On Monday, I’m an enthusiastic parent who has the best of intentions. By Friday night, I’m exhausted and my parenting skills have eroded to the point of, “You want to play in the middle of the street? Whatever, just take your brother with you.”
This week has been particularly exhausting for a number of reasons. When I picked up the boys from each of their schools, I thought I had enough energy to cook them dinner. After five minutes of Justin telling me a story in his loudest voice possible and Garrett screaming for Elmo (“MELMO!!! MELMOOOO!!!) while kicking my seat, I thought – “Maybe I’ll order in.”

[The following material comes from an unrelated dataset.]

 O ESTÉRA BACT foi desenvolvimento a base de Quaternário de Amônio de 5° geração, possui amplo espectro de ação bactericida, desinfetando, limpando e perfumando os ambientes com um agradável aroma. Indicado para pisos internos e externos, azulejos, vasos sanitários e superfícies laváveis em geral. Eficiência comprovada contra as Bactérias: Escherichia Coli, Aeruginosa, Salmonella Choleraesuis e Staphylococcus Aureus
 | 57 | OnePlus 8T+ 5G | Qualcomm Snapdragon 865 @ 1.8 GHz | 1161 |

For the next four minutes, I was hammered with questions from Justin: “Can we stop at Target and get a toy?” No. “Can we eat at Burger King?” No. “Can we just see if there are new toys at Target?” No. “Can we get a small toy from Burger King?” No. “Does mommy need anything from Target?” No. “Don’t you like Burger King?” No. And like a parrot, Garrett kept yelling “YEAH!” after Justin asked each question. (He’s too young to understand what Justin was asking, but it didn’t matter. He understood that it was them against me.)

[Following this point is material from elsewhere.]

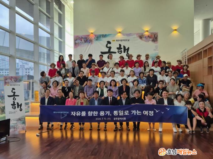 À̳¯ Çà»ç´Â °Çö±¸ ¹ÎÁÖÆòÈÅëÀÏÀÚ¹®È¸ÀÇ ±¤ÁÖÁö¿ª ºÎÀÇÀå, ±¤ÁÖ±¤¿ª½Ã ºÏÇÑÀÌÅ»ÁÖ¹ÎÁö¿ø Áö¿ªÇùÀÇȸ ¼Ò¼Ó Ȳ¼ºÈ£ ±¤ÁÖÇϳª¼¾ÅÍÀå, ÀÌÀºÈñ ±¤ÁÖÇϳª¹®È±³·ù¼¾ÅÍÀå, ºÎ´öÀÓ (»ç)¼ÖÀÙ½°ÅÍ ÀÌ»çÀå µî ºÏÇÑÀÌÅ»Áֹΰú ½Ã¹Î 200¿©¸íÀÌ Âü¼®Çß´Ù.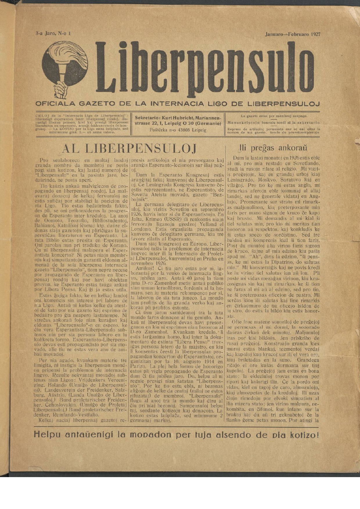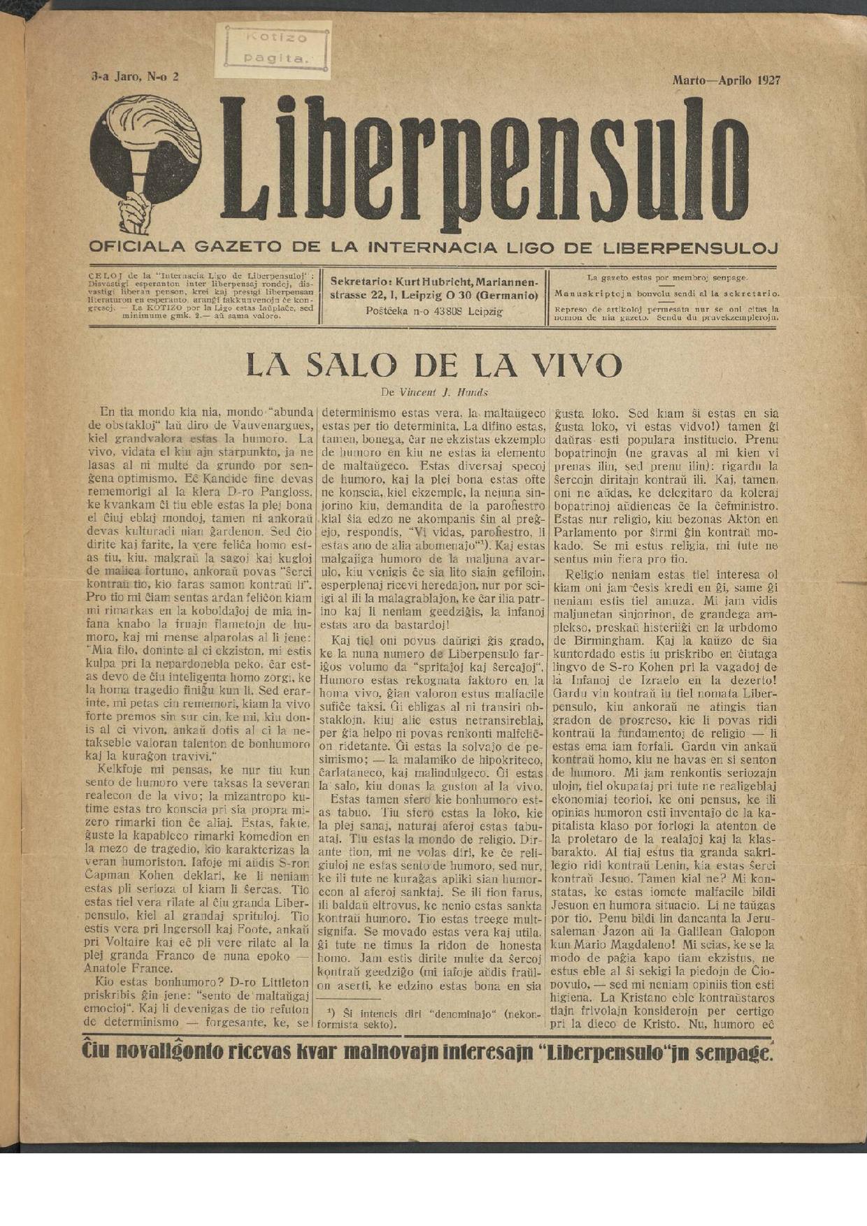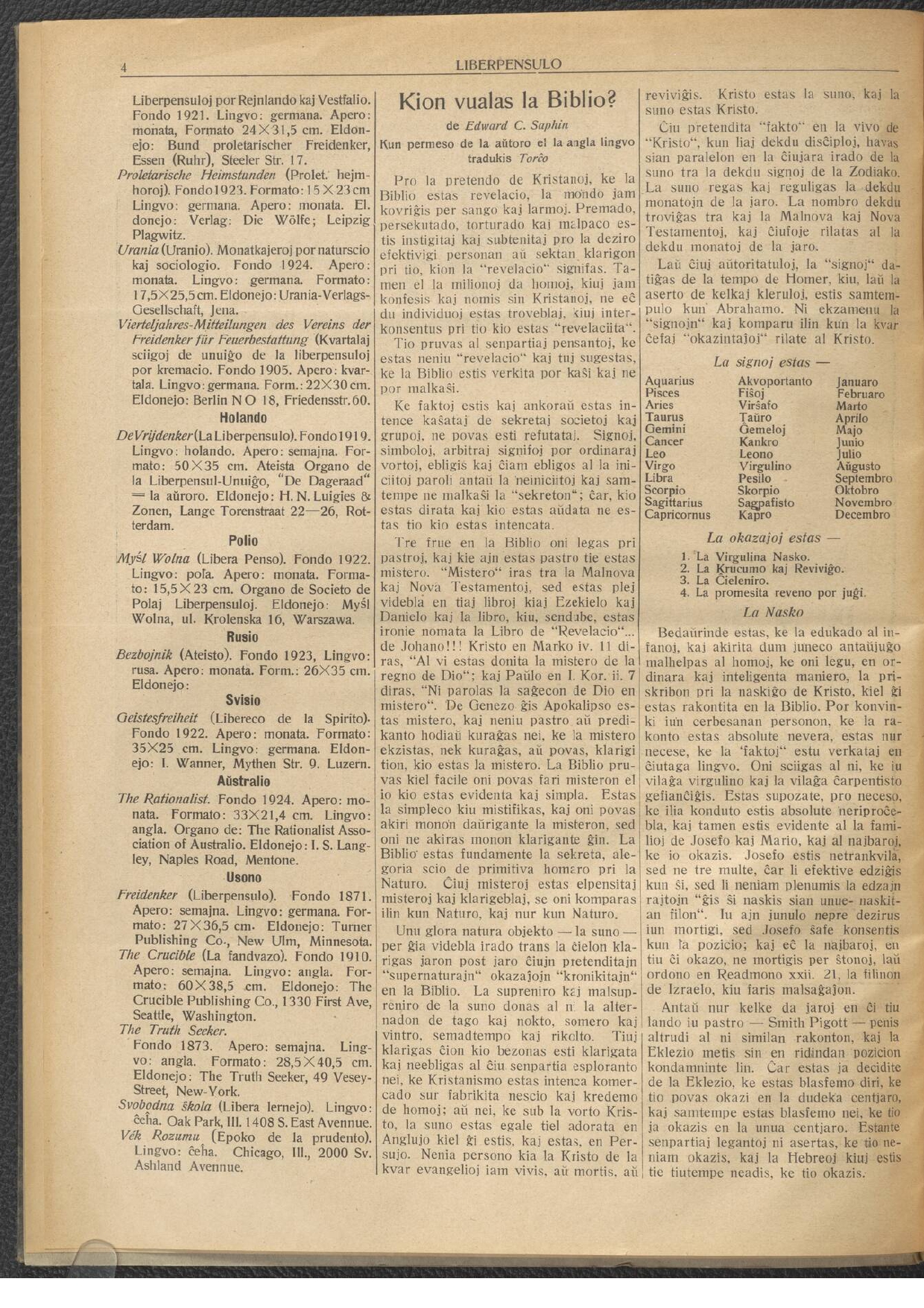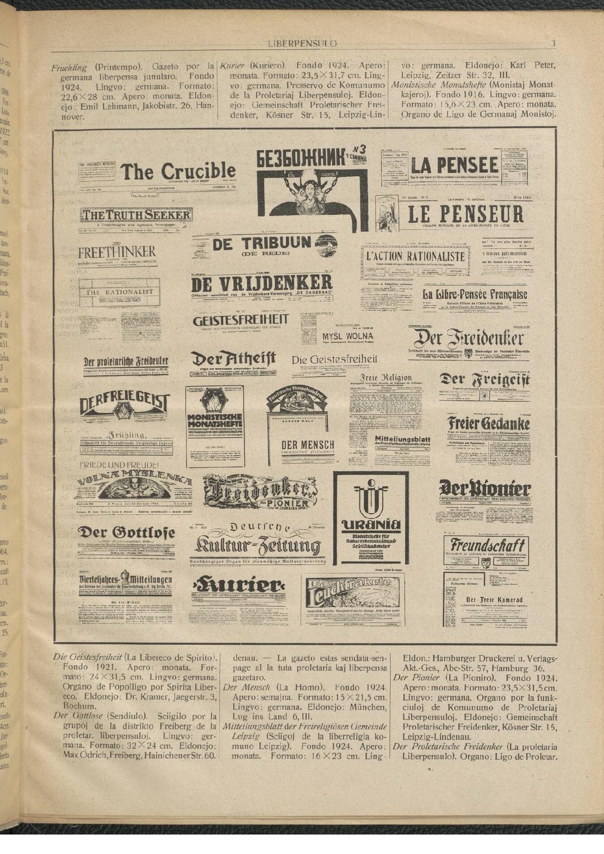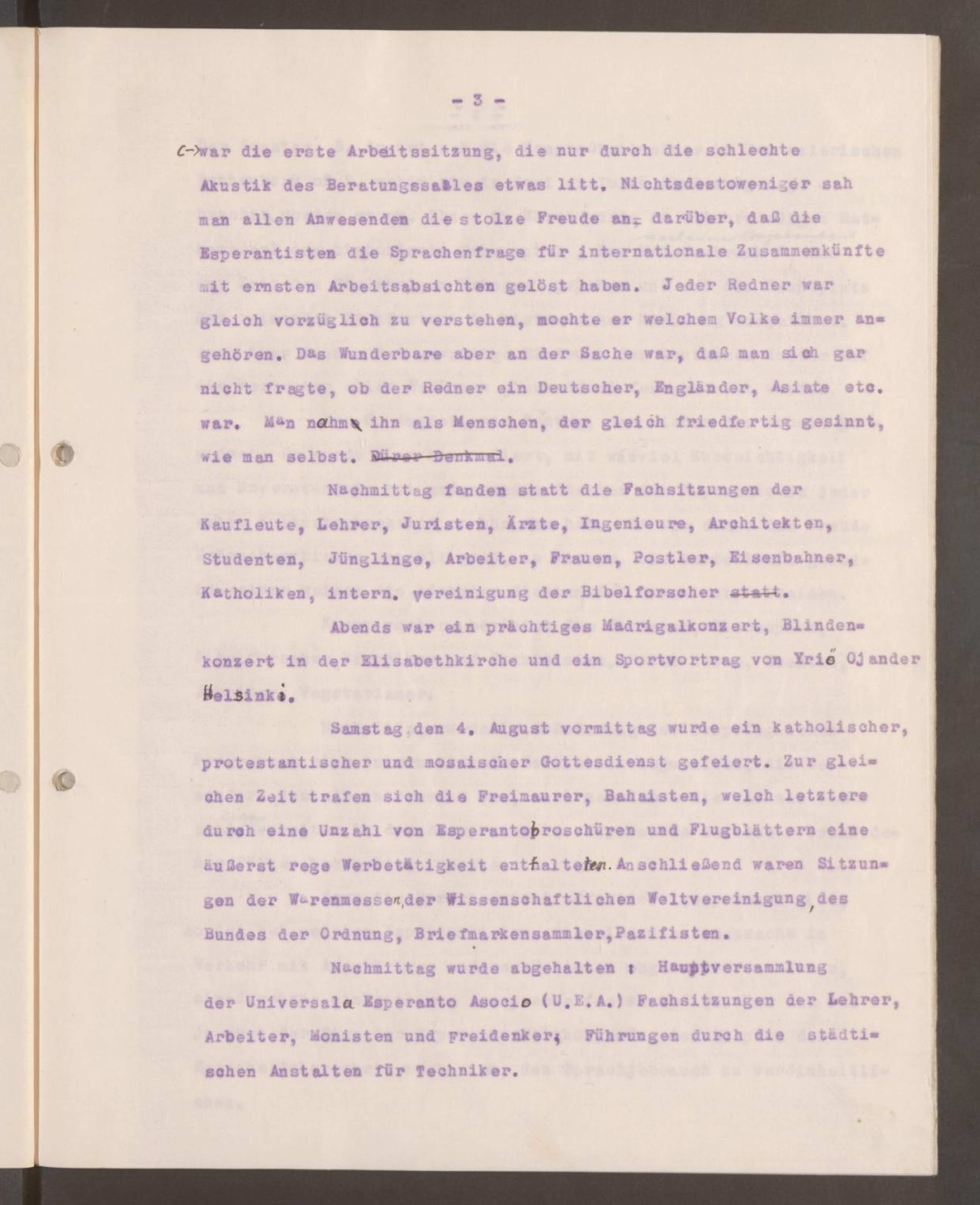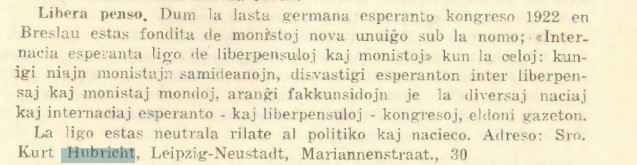 "Posttagmezo okazus : ĝenerala asembleo de Universala Esperanto Asocio (U.E.A.), profesiaj renkontiĝoj de instruistoj, laboristoj, monistoj kaj liberpensuloj, gvidataj vizitoj de la urbaj institutoj por teknikistoj."

On the fifth minute, they broke me. I don’t know if it was the barrage of questions or the yelling or the crying out for “MELMO!!,” but they successfully performed a Verbal Waterboarding. My intention was to feed them good food and reward their great week without gifts, but by simply playing with them. That’s not how the evening ended.
The evening ended with new toys from Target, Kid’s Meals from Burger King, and yet another notch on my Parenting Failure list.